A telenovela, querendo ou não, constituiu-se numa marca do Brasil. A adaptação de Escrava Isaura, de Bernardo Guimarães, autor do Romantismo, percorreu uma quantidade enormidade de países, expandindo nossa cultura, contudo, nunca, nenhuma novela escancarou tanto um debate sobre os muitos Português do Brasil, como “Amor à vida”. Walcyr Carrasco vai do gerundismo de Carlito, ao português macarrônico de Denizar. Caminha da importância dada ao falar “correto” pela contumaz leitora, D. Bernarda, ao “não tô nem aí” dito e redito por Valdirene e Márcia. Carlito, o Dj Delícia, sem estudo, faz confusão indiscriminada entre singular e plural, ao contrário do irmão, Bruno, que estudou Direito, por isso não comete esses “deslizes”. Bruno, estudado, teve oportunidade de trabalho nos mais altos estratos sociais, enquanto Carlito, sem estudo, passou boa parte da novela desempregado. Só se deu bem quando conseguiu espaço nos estratos mais baixos da sociedade que se expressam como ele.
Em uma cena simbólica da nossa visão social, Paulinha diz aos pais, Bruno e Paloma, que foi mal na prova de Português, mas não se importa, porque escolheu medicina e médico não precisa saber ler e escrever. Depois de os pais lhe passarem uma descompostura, afirmou, exaltada, que já lera até DOM QUIXOTE, de Miguel Cervantes. Nesta luta ferrenha entre o “erudito/culto” e o “popular/inculto”, não nos esqueçamos de que a tevê traduziu Guimarães Rosa, Manuel Antônio de Almeida, Machado de Assis, Érico Veríssimo e Jorge Amado, por exemplo, para o “populacho”, viraram minissérie; José de Alencar, Lima Barreto e Jorge Amando, por exemplo, viraram novela. Grandes autores, com seus estilos e sotaques, de forma simples e clara, traduzidos para o “inculto” povo brasileiro.
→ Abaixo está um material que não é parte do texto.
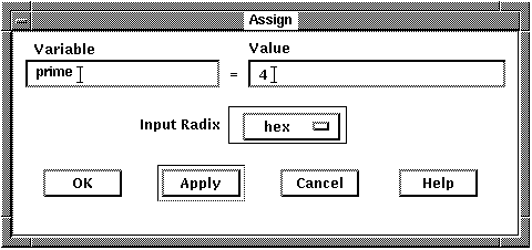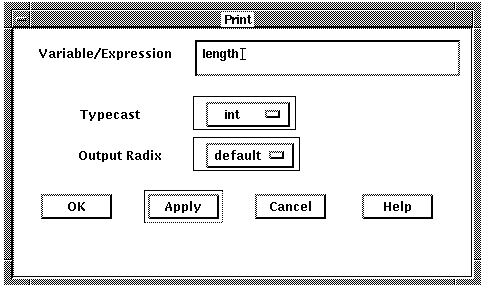 3. Enter the debugger command for that push button in the Command field (see Section 4.9.3.1). The command up was chosen. This command interprets an entity selected in a window as a zero-terminated ASCII string.

Dei essa volta toda, para ser “espinafrado” pelos puristas, com todos os possíveis “erros”, para discutir a importância de colocar em discussão, mesmo em uma novela, as diversas “línguas” desse Brasil de fronteiras invisíveis, mas existentes: o Português, de “Anos roubados”, não é o mesmo de ” O tempo e o vento”, muito menos o de “Serra Pelada”, mas é a nossa língua pátria.